Há surpreendentes notícias em Portugal. O Governo está convencido de que consegue cumprir à força a legislatura. Não interessa para onde vai e não lhe importa que só descubra inimigos por toda a parte. A lista é extensa. Consumidores, professores e outros funcionários públicos, militares, polícias e agora os juízes do Tribunal Constitucional. Mas também empresários - vários empresários e gestores -, padres, bispos. Na lista negra há ainda sociais-democratas, democratas-cristãos, reitores, bastonários, até certos ministros e secretários de Estado. Cá dentro, Passos e Gaspar já não confiam em ninguém: jovens, velhos, além do milhão de desempregados que deambula por aí.
Para Gaspar somos uma soma lamentável: há portugueses por todo o lado. Demasiados portugueses. O ministro das Finanças vê-se cercado por um povo que não capta a magnífica ciência económica e que só reclama e importa coisas que já não consegue pagar. É malta não transacionável. Como não pode desvalorizar a moeda, desvaloriza as pessoas, as instituições e a confiança. Evidentemente, Durão subscreve e Cavaco dá a outra face para tentar evitar o que é cada vez mais provável. O Governo esperneia - é a nova técnica para tranquilizar os mercados... - e cheira a fraqueza.
Não tinha de ser assim.

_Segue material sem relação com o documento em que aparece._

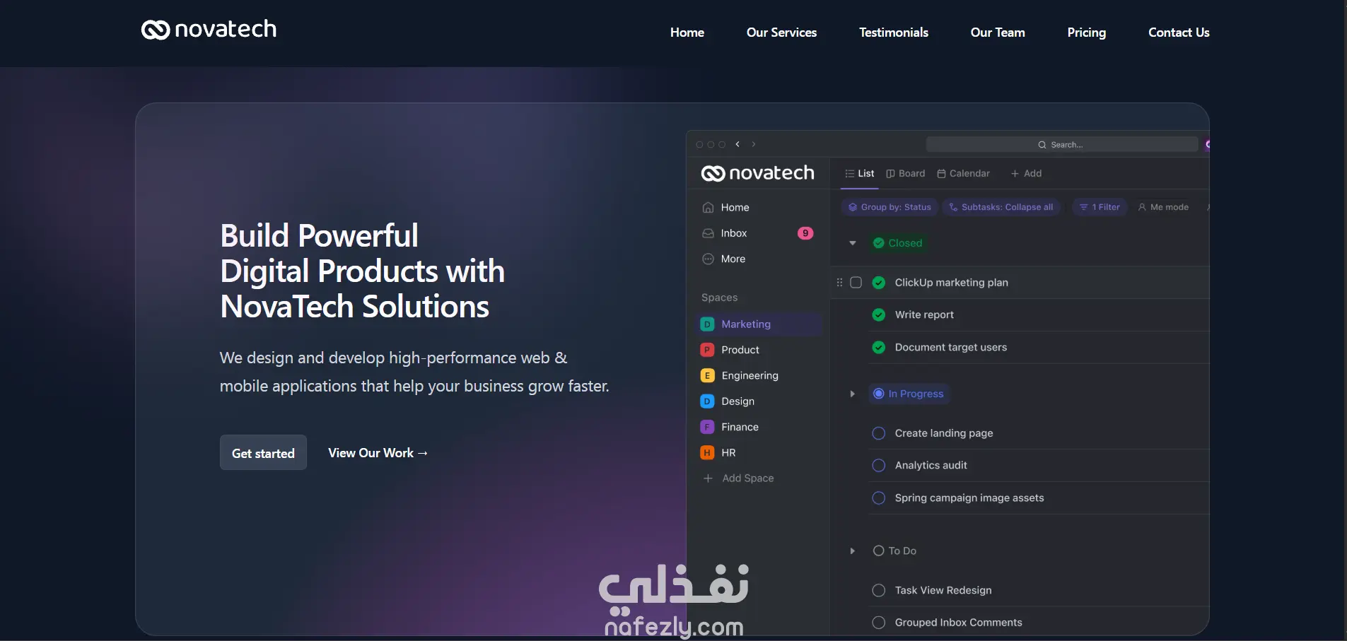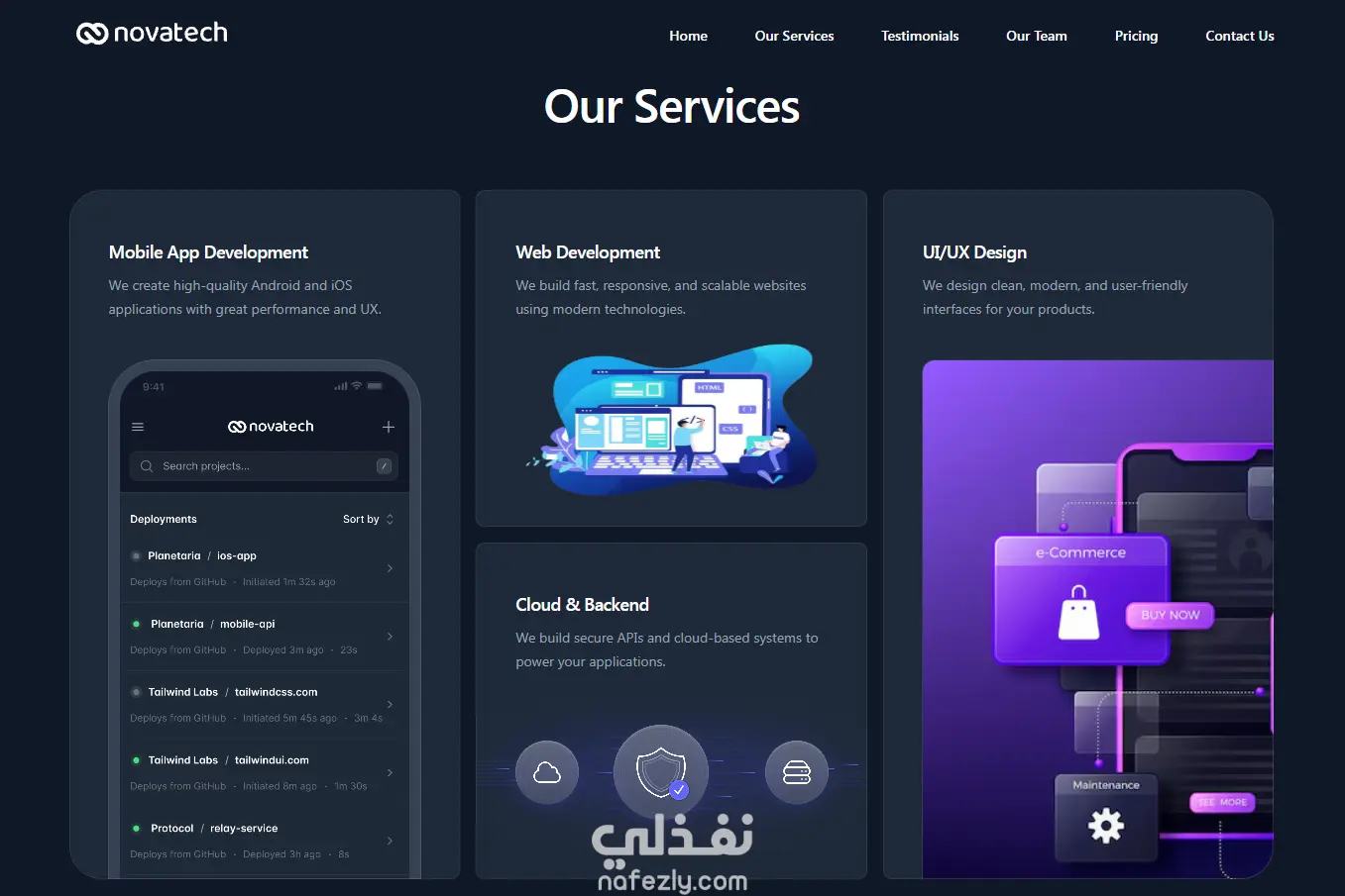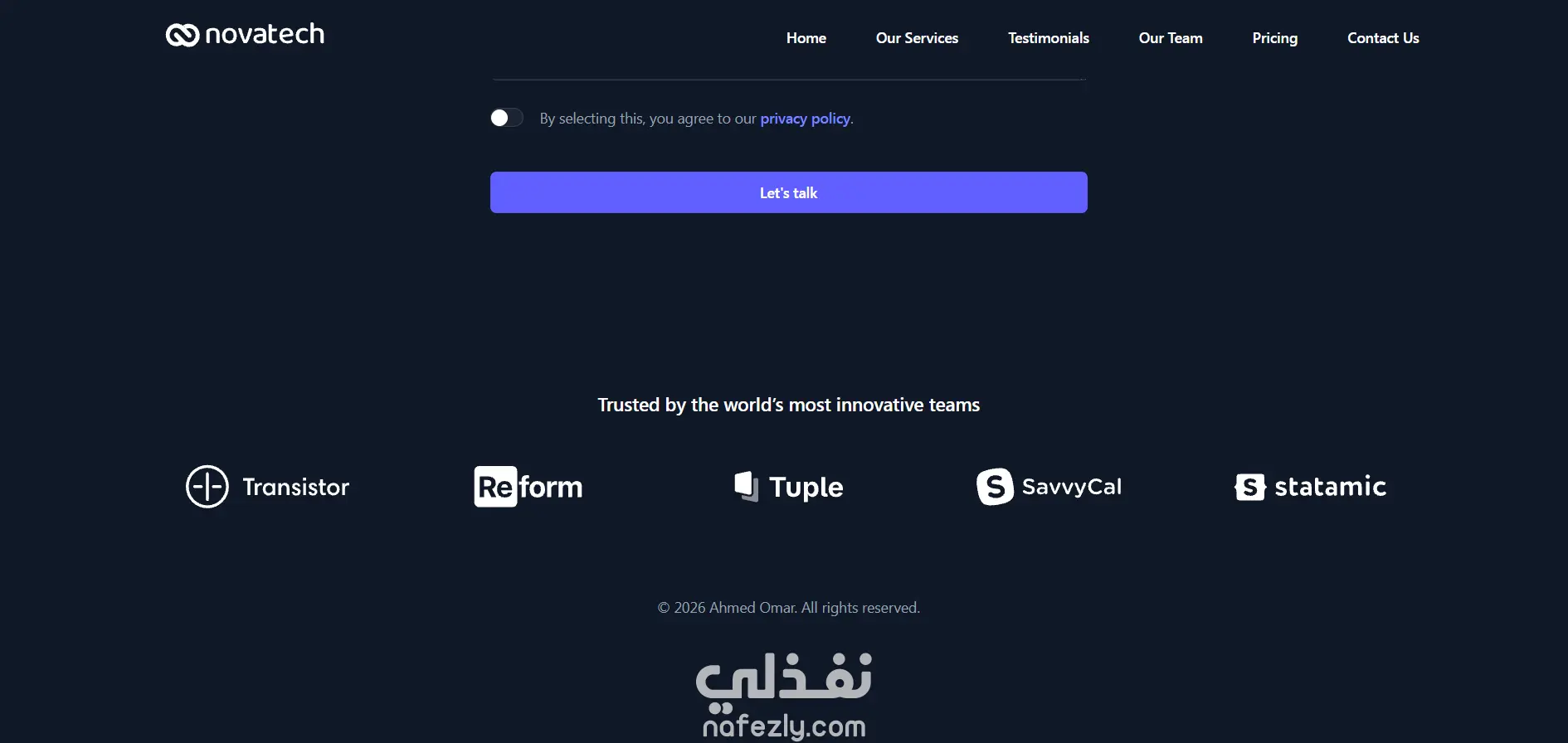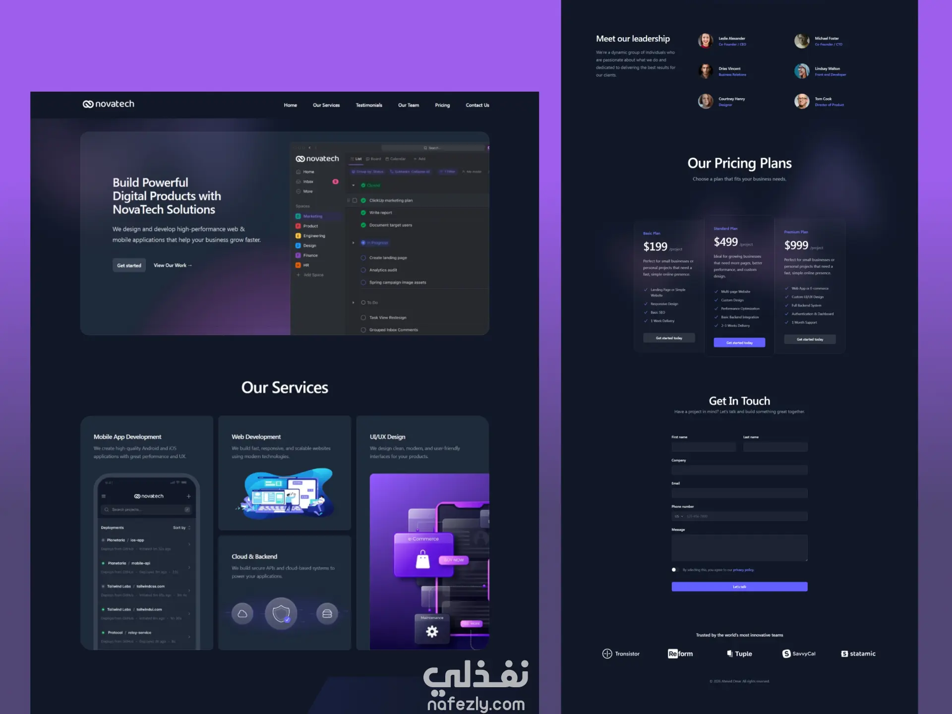 مشروع Nova Tech هو صفحة هبوط حديثة ومتجاوبة بالكامل لشركة حلول برمجية، مصممة بعناية لعرض خدمات الشركة، ميزات المنتجات، آراء العملاء، وأقسام الدعوة لاتخاذ إجراء بطريقة جذابة وسلسة. ? الميزات الرئيسية: تصميم متجاوب بالكامل لجميع الأجهزة واجهة نظيفة وعصرية باستخدام Tailwind CSS تحميل سريع وتخطيط محسّن أقسام منظمة بشكل جيد للتسويق إمكانية إضافة تفاعلات باستخدام JavaScript عند الحاجة التقنيات المستخدمة: HTML | Tailwind CSS | JavaScript (اختياري للتفاعلات)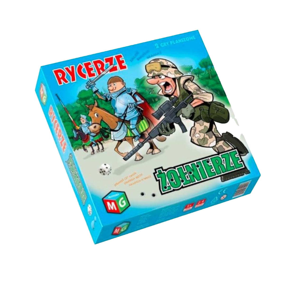 Rycerze/Żołnierze to zestaw zawierający dwie proste gry planszowe w bajkowej kolorystyce, przeznaczone dla 2-4 graczy od piątego roku życia.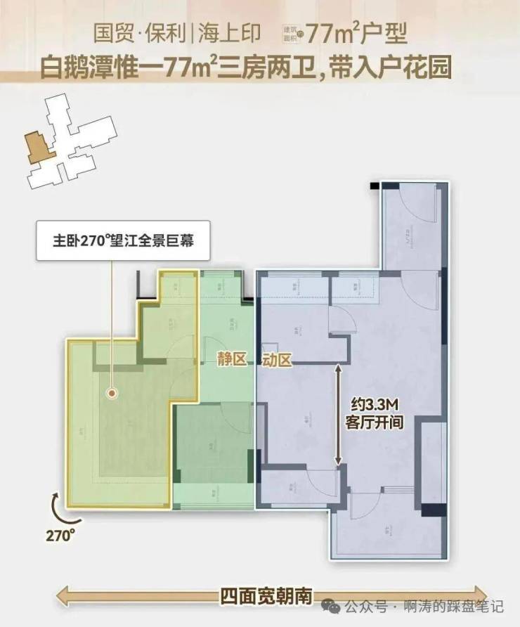 77㎡ 3房2卫: 片区唯一的80平内带入户花园+2卫的设计!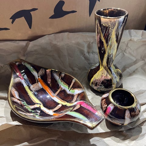 Vakkert sett med fransk mid-century keramikk fra den kjente produsenten Saint-Jean-du-Désert i Marseille. Dette er det klassiske "Vincent & Mireille"-mønsteret, preget av en fantastisk solnedgangsglasur i oransje og gult med sorte silhuetter av provençalske furutrær. Hver del er prydet med den karakteristiske 3D-dekoren av en sikade (cigale), som er selve symbolet på Provence. Settet er håndmalt og signert L.Berty. Dette er flotte samleobjekter som bringer fransk vintage-sjarm rett inn i stua!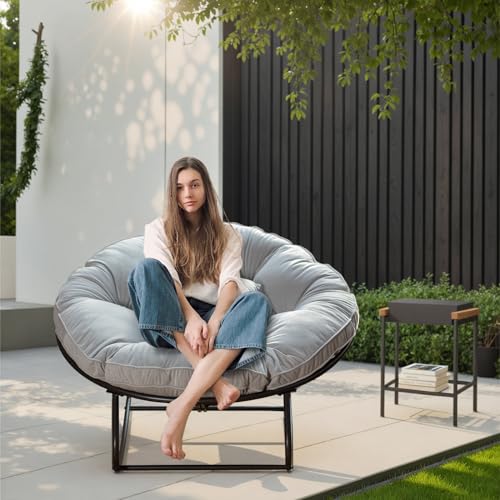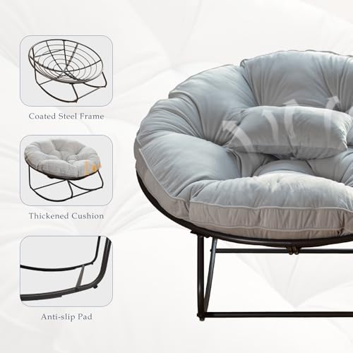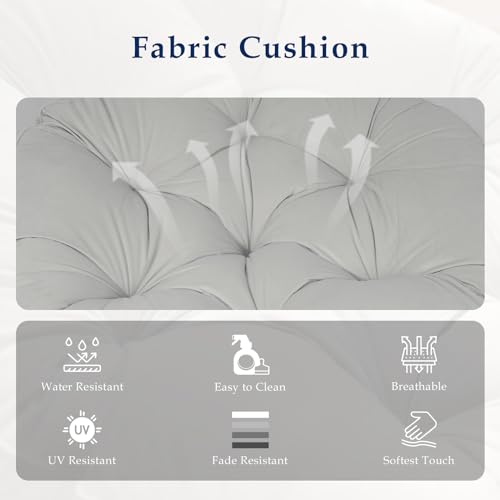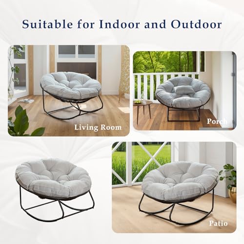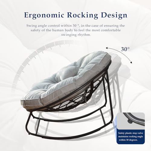 Rocking Chair Outdoor, Patio Egg Rocking Chair,Papasan Rocking Chair with Thickened Cushion, Outdoor Rattan Wicker Lounge Chair for Patio Porch Garden Backyard Dark Gray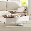Elevate your living room decoration with this innovative lift top coffee table that combines functionality and elegance seamlessly. The desktop can be effortlessly raised to a height of 21”, offering a versatile surface for work or dining. The soft-close gas struts ensure a safe and smooth lifting mechanism for added convenience. With 2 lift table tops and concealed compartments, this table provides ample storage space for your books, laptop, snacks, coffee mug or decorations. The sturdy 5-point support system, including 5 metal legs and non-slip foot pads, ensures stability and durability. Its multi-functional design allows it to transition from a stylish coffee table to a practical working desk effortlessly. The modern chic style, characterized by clean lines and contemporary aesthetics, adds a touch of sophistication to any room.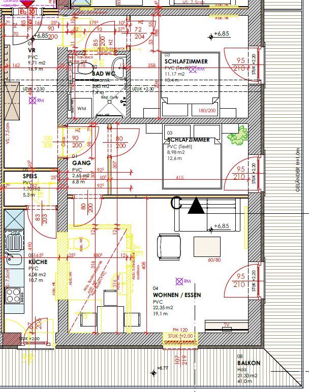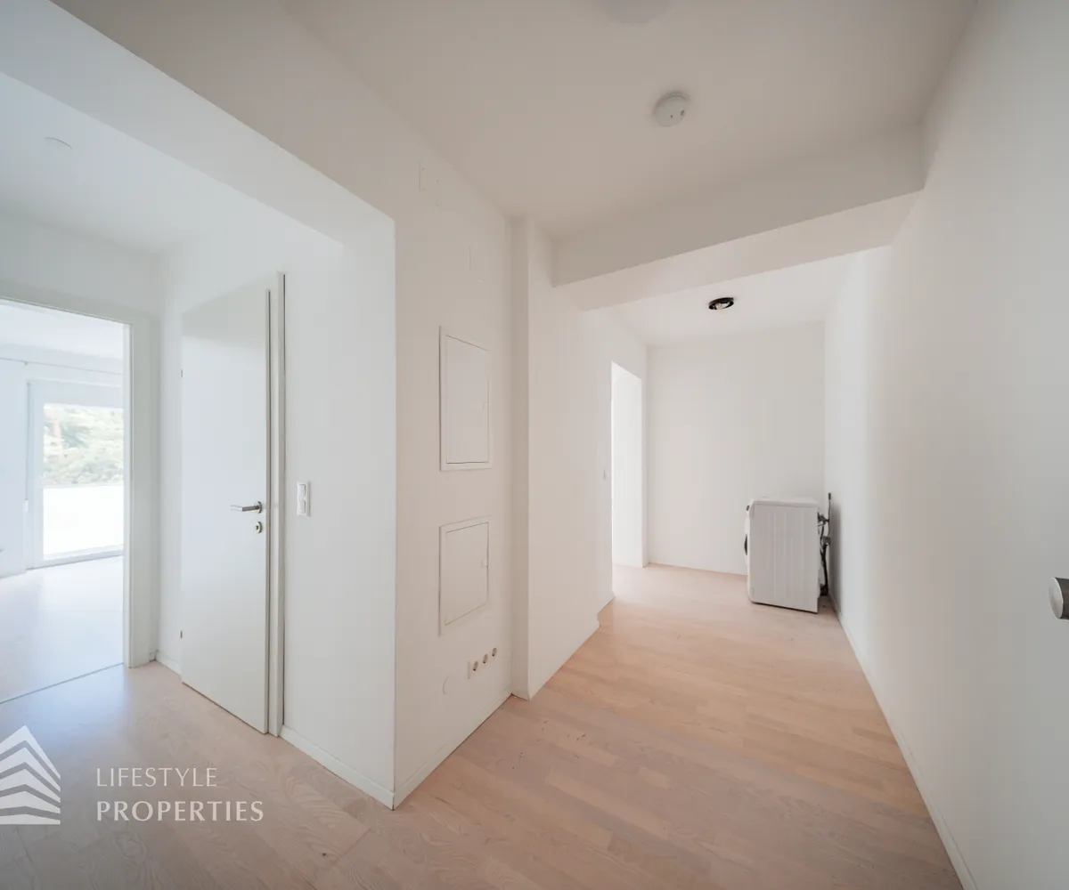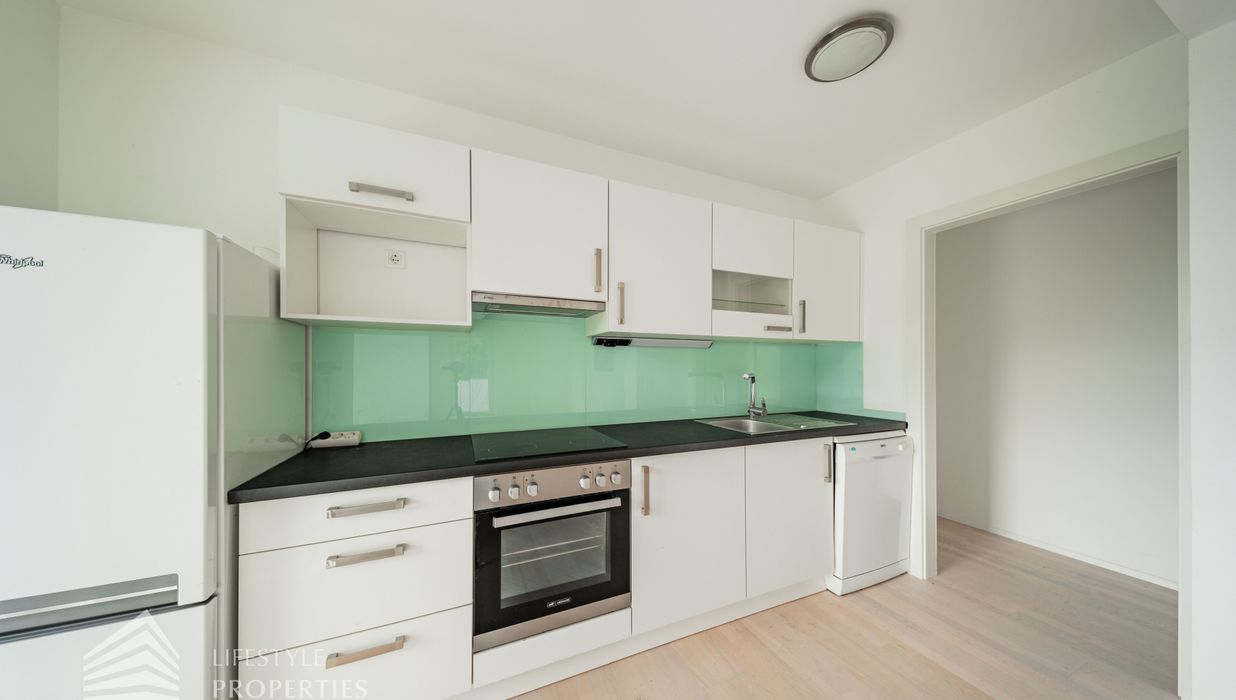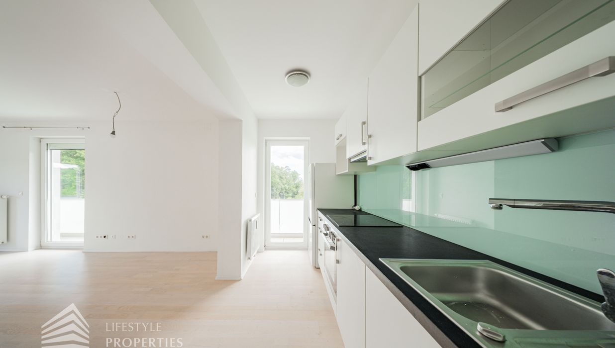Die Immobilie befindet sich im 2. OG eines vierstöckigen Gebäudes und hat ca. 66,07 m². Sie betreten die praktisch aufgeteilte 3-Zimmer Wohnung und gelangen in einen geräumigen Vorraum mit ca. 9,71 m². Dieser bietet aufgrund seiner Größe ausreichend Platz für jegliche Garderobe. Unmittelbar auf der linken Seite finden Sie zwei Türen, welche zum Badezimmer und zum ersten Schlafzimmer der Wohnung führen. Das Badezimmer verfügt über eine Dusche, eine Toilette und einen Waschmaschinenanschluss. Das Schlafzimmer ist ca. 11,17 m² groß. Am Ende des Vorraumes führt eine weitere Tür zu einem Gang, welcher sowohl in die Wohnküche als auch zum zweiten Schlafzimmer führt. Letzteres hat ca. 8.98 m², die Wohnküche ca. 22,35 m². Die Küche ist vom Wohnbereich des Zimmers räumlich gut abgegrenzt. Eine Tür in der Küche führt zu einem kleinen aber praktischen Abstellraum, welcher sich ideal als Speisekammer anbietet. Sowohl die beiden Schlafzimmer, als auch die Wohnküche, haben einen eigenen Zugang zu dem großartigen, ca. 21,33 m² großen Balkon. Dieser stellt ohne Zweifel mit seinem Blick ins Grüne das Highlight der wunderbaren Wohnung dar. Sämtliche Zimmer sind mit einem wunderschönen Parkettboden, das Badezimmer mit hochwertigen Fliesen verlegt.

O chumbo do Tribunal Constitucional podia ter sido o derradeiro impulso para reformar o Estado, a única saída que nos resta, além da contínua renegociação das condições dos empréstimos com a troika e com outros credores e rendistas. O melhor momento para mudar o Estado (devia ser um processo, não uma bomba) teria sido há dois anos, com o PIB ainda não reduzido a pibinho e com o desemprego longe dos 20%. Mas isso já não existe. A última oportunidade deste Governo era, portanto, esta. Agora.
Mas para a aproveitar, o Governo não podia hostilizar o País. Não podia ser incompetente. O despacho que congela a despesa, assinado por Gaspar, é a prova do desvario: deixou as empresas privadas que fornecem o Estado no limbo financeiro, além de ter criado espaço para que surgisse todo o tipo de demagogia sobre fornecimentos hospitalares, etc. Bastava ter acrescentado uma data (os gastos ficam bloqueados um mês, o que seria adequado face às dúvidas orçamentais ), em vez de remeter os detalhes do despacho para um Conselho de Ministros em data incerta. Que falta de sentido de Estado, que impulso destrutivo. Nem a economia privada respeitam. Grandes liberais.
A eleição deste Governo revelou-se um erro trágico. Paradoxalmente, é a brutalidade da crise que o segura. Só um louco pode não ter medo da incerteza: os juros a galope, o pouco crédito que desaparece, os bancos que tremem, o segundo resgate que Passos tanto negou (e trabalhou para evitar), mas que agora usa como arma de manipulação maciça. Somos reféns de um primeiro-ministro perdedor e de uma oposição perdida. Assim estamos hoje, ninguém sabe onde estaremos amanhã.